• Data records:
◇ ◇ ◇ ◇

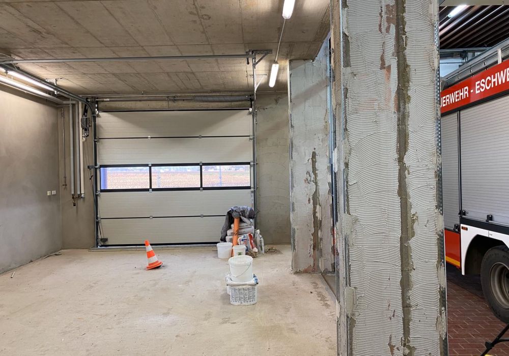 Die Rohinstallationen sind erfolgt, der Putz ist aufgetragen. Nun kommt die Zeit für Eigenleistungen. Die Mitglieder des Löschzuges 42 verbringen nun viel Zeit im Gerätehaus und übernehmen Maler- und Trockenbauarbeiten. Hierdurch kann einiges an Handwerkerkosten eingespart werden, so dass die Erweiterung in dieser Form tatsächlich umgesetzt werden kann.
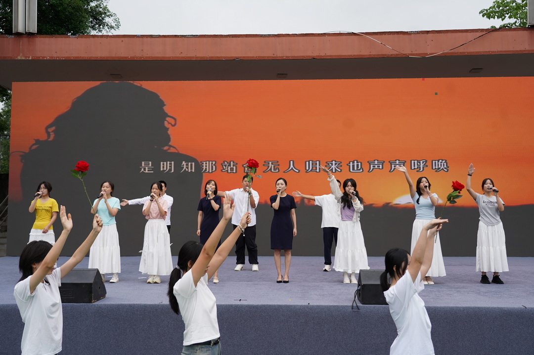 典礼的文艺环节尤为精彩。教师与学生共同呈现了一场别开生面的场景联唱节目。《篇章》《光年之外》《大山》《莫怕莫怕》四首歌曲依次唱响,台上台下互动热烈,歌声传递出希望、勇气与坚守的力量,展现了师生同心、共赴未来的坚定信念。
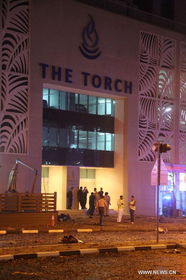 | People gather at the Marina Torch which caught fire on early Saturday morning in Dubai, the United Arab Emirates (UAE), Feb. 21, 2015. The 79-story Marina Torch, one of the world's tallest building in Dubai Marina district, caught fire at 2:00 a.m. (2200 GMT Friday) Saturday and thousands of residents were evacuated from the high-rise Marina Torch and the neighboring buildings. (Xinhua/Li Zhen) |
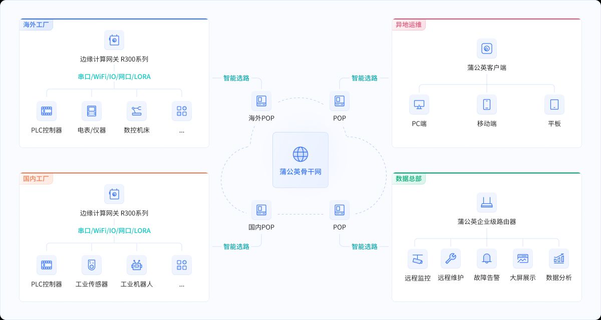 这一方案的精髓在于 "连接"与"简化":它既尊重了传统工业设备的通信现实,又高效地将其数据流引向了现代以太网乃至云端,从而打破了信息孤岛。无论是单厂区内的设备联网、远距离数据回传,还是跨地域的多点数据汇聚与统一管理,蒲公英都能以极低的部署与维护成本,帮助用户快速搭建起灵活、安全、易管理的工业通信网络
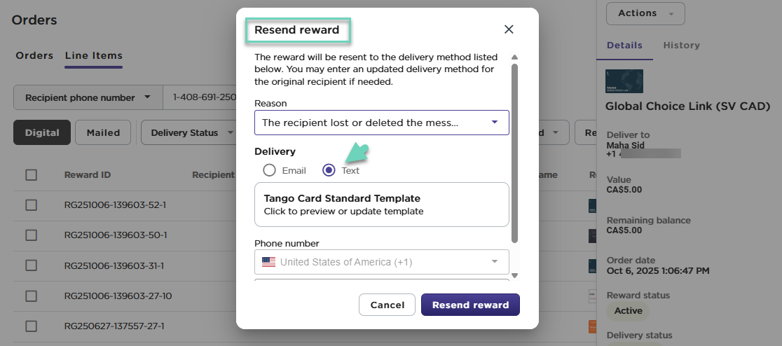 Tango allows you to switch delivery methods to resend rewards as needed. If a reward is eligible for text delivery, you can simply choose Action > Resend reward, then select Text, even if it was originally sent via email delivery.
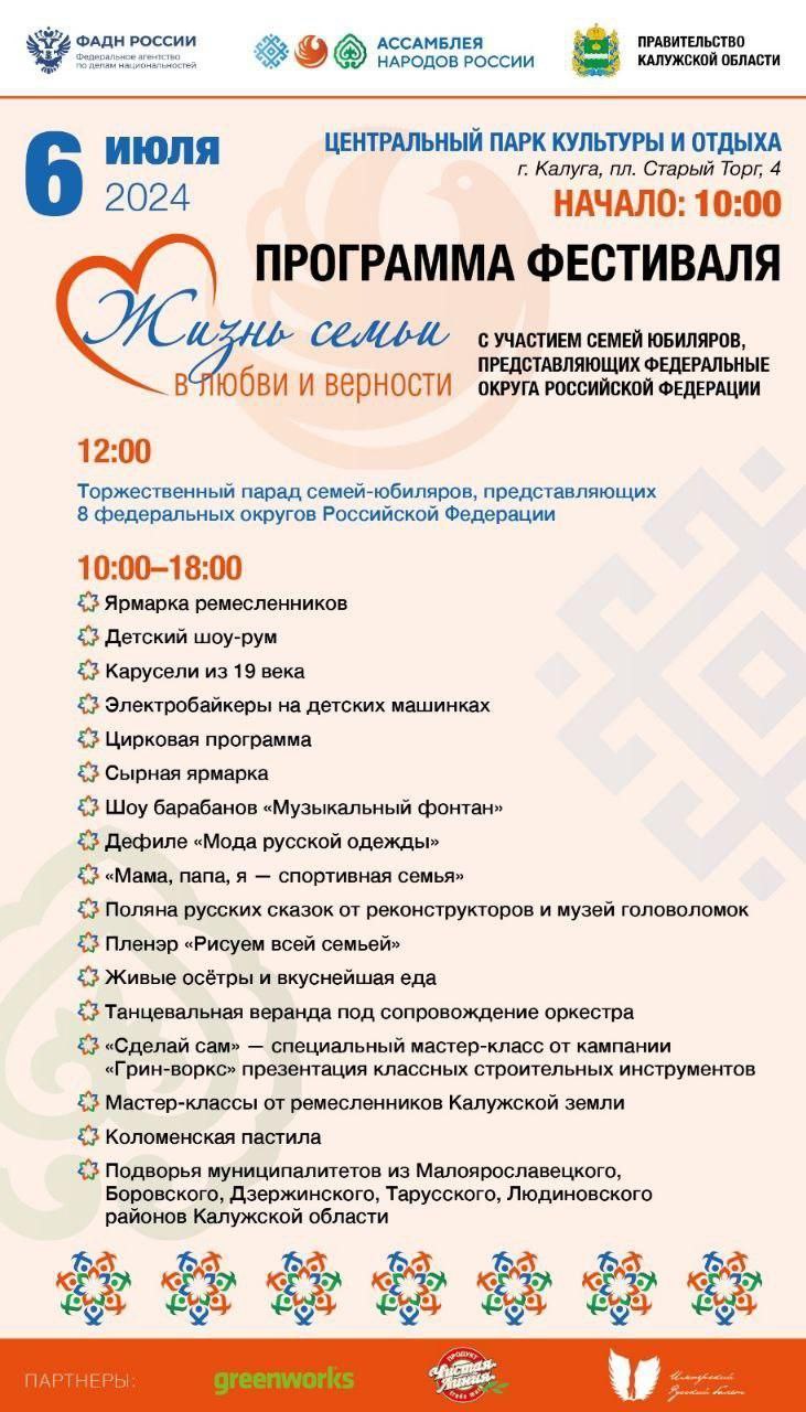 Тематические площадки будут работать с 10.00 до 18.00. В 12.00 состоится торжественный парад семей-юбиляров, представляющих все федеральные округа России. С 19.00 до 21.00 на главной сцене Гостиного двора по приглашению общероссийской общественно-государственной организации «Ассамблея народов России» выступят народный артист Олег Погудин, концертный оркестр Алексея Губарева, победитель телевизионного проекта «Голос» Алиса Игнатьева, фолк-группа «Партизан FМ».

◇ ◇ ◇ ◇

• Exercise description: From the first line to the last, retype the data above exactly, but not its images.

• Exercise solution:
 Die Rohinstallationen sind erfolgt, der Putz ist aufgetragen. Nun kommt die Zeit für Eigenleistungen. Die Mitglieder des Löschzuges 42 verbringen nun viel Zeit im Gerätehaus und übernehmen Maler- und Trockenbauarbeiten. Hierdurch kann einiges an Handwerkerkosten eingespart werden, so dass die Erweiterung in dieser Form tatsächlich umgesetzt werden kann.
 典礼的文艺环节尤为精彩。教师与学生共同呈现了一场别开生面的场景联唱节目。《篇章》《光年之外》《大山》《莫怕莫怕》四首歌曲依次唱响,台上台下互动热烈,歌声传递出希望、勇气与坚守的力量,展现了师生同心、共赴未来的坚定信念。
 | People gather at the Marina Torch which caught fire on early Saturday morning in Dubai, the United Arab Emirates (UAE), Feb. 21, 2015. The 79-story Marina Torch, one of the world's tallest building in Dubai Marina district, caught fire at 2:00 a.m. (2200 GMT Friday) Saturday and thousands of residents were evacuated from the high-rise Marina Torch and the neighboring buildings. (Xinhua/Li Zhen) |
 这一方案的精髓在于 "连接"与"简化":它既尊重了传统工业设备的通信现实,又高效地将其数据流引向了现代以太网乃至云端,从而打破了信息孤岛。无论是单厂区内的设备联网、远距离数据回传,还是跨地域的多点数据汇聚与统一管理,蒲公英都能以极低的部署与维护成本,帮助用户快速搭建起灵活、安全、易管理的工业通信网络
 Tango allows you to switch delivery methods to resend rewards as needed. If a reward is eligible for text delivery, you can simply choose Action > Resend reward, then select Text, even if it was originally sent via email delivery.
 Тематические площадки будут работать с 10.00 до 18.00. В 12.00 состоится торжественный парад семей-юбиляров, представляющих все федеральные округа России. С 19.00 до 21.00 на главной сцене Гостиного двора по приглашению общероссийской общественно-государственной организации «Ассамблея народов России» выступят народный артист Олег Погудин, концертный оркестр Алексея Губарева, победитель телевизионного проекта «Голос» Алиса Игнатьева, фолк-группа «Партизан FМ».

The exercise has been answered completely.